Policy Optimizer for Exponential Models
Author:Adith Swaminathan <firstname.lastname@example.org>
Department of Computer Science
Policy Optimizer for Exponential Models is a simple gradient optimizer for learning structured output models (like Conditional Random Fields) using the Counterfactual Risk Minimization principle. This release includes all the code and data needed to reproduce all experiments from the ICML '15 and NIPS '15 papers [1,2].
Here you will find tar-balls of multi-label classification datasets from the LibSVM repository processed to be compatible with scikit-learn. Coming soon: A suitably anonymized query log fraction from the arXiv search system with correct randomization and logging. This will avoid the need to employ the Supervised-to-Bandit experiment methodology to evaluate future algorithms for batch learning from bandit feedback.>
Usage: python MultiLabelExperiment.py [exptNum]

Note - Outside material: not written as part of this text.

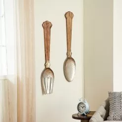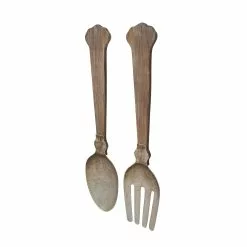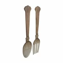 Set a farmhouse culinary tone inside the kitchen or food hall with this two-piece wood and metal wall utensil set crafted from natural fir wood and hammered iron. The spoon and fork flatware’s neutral golden brown wood tone and muted silver finishes work with almost any color palette and wall texture. Easy and ready to hang by metal hardware in back. Suitable for indoor use only. This come in set of spoon and fork utensils wall art. This item comes shipped in one carton.

Optionally, you may specify a second flag to parallelize the validation runs. This additionally needs PathOS multi-processing libraries. There are three broad classes of counterfactual estimators implemented: Vanilla (this is dominated by the other two estimators), Majorized (employs stochastic optimization, could scale to large datasets), Self-Normalized (is more robust when used in the Counterfactual Risk Minimization principle but is limited to the l-BFGS optimizer).
 A. Swaminathan and T. Joachims. Counterfactual Risk Minimization: Learning from logged bandit feedback, ICML, 2015. [arXiv][slides][poster].
 A. Swaminathan and T. Joachims. The Self-Normalized Estimator for Counterfactual Learning, NIPS, 2015. [proceedings][slides][poster].